> _WORK REQUEST_
Repeat, exactly and in full, the lines of the listing below, but without any pictures.

> _GIVEN INFORMATION_
[Start of Attachment]

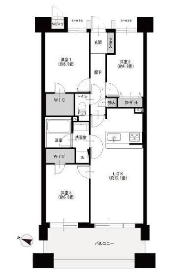 | 専有面積 | 66.67m²(20.17坪) | バルコニー面積 | 11.8m²(3.57坪) |
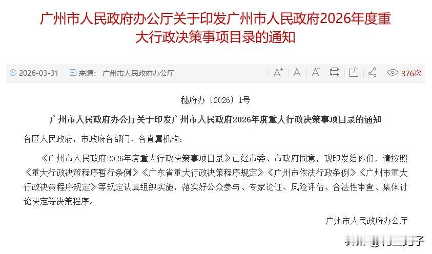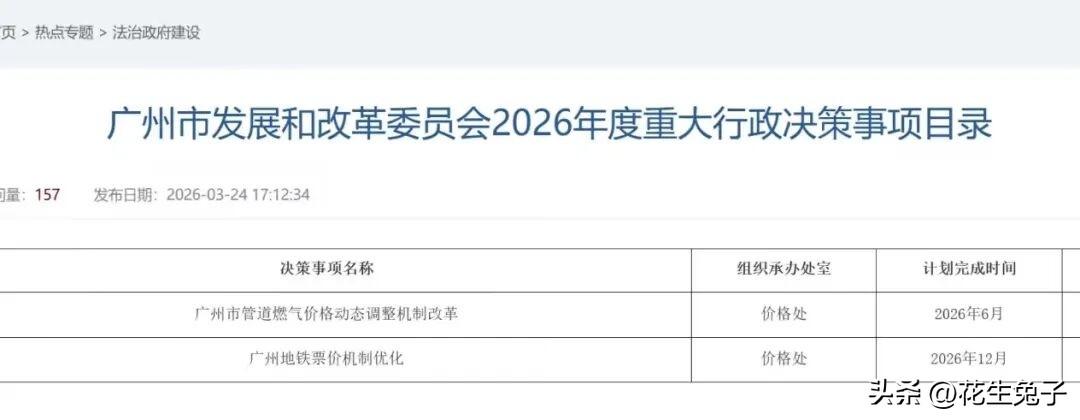 广州3月31日发布“2026年度重大行政决策事项目录”,其中燃气价格动态调整机制改革、地铁票价机制优化两项内容引发关注,燃气方面计划在2026年6月完成调整改革,地铁票价则在2026年12月完成。
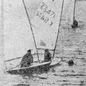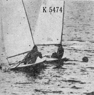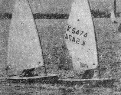 Рис. 117 б. "Лазер" без номера огибает знак первым, имея шансы сохранить это положение. |
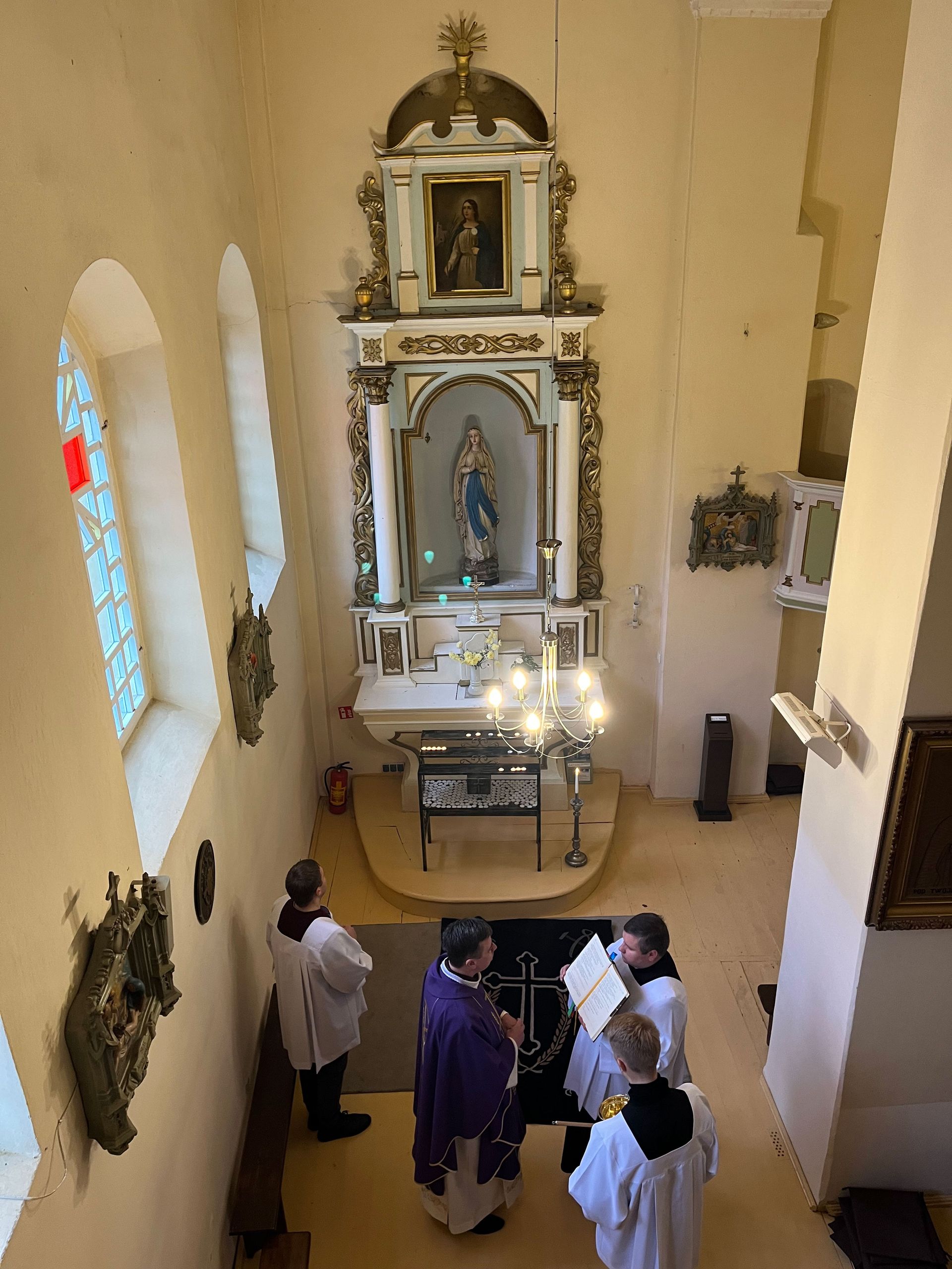 Po pamaldų bažnyčioje vyko Pirmajai Šventajai Komunijai besirengiančių vaikų ir jų tėvelių susirinkimas. Parapijos klebonas kun. Gintaras Pūras atsakė į tėveliams rūpimus klausimus. Nutarta, kad Lapių bažnyčioje Pirmosios Šv. Komunijos šventė vyks birželio 3 dieną, šeštadienį 12.00 valandą.

[End of Attachment]

> _SOLUTION_
 | 専有面積 | 66.67m²(20.17坪) | バルコニー面積 | 11.8m²(3.57坪) |
 广州3月31日发布“2026年度重大行政决策事项目录”,其中燃气价格动态调整机制改革、地铁票价机制优化两项内容引发关注,燃气方面计划在2026年6月完成调整改革,地铁票价则在2026年12月完成。
 Рис. 117 б. "Лазер" без номера огибает знак первым, имея шансы сохранить это положение. |
 Po pamaldų bažnyčioje vyko Pirmajai Šventajai Komunijai besirengiančių vaikų ir jų tėvelių susirinkimas. Parapijos klebonas kun. Gintaras Pūras atsakė į tėveliams rūpimus klausimus. Nutarta, kad Lapių bažnyčioje Pirmosios Šv. Komunijos šventė vyks birželio 3 dieną, šeštadienį 12.00 valandą.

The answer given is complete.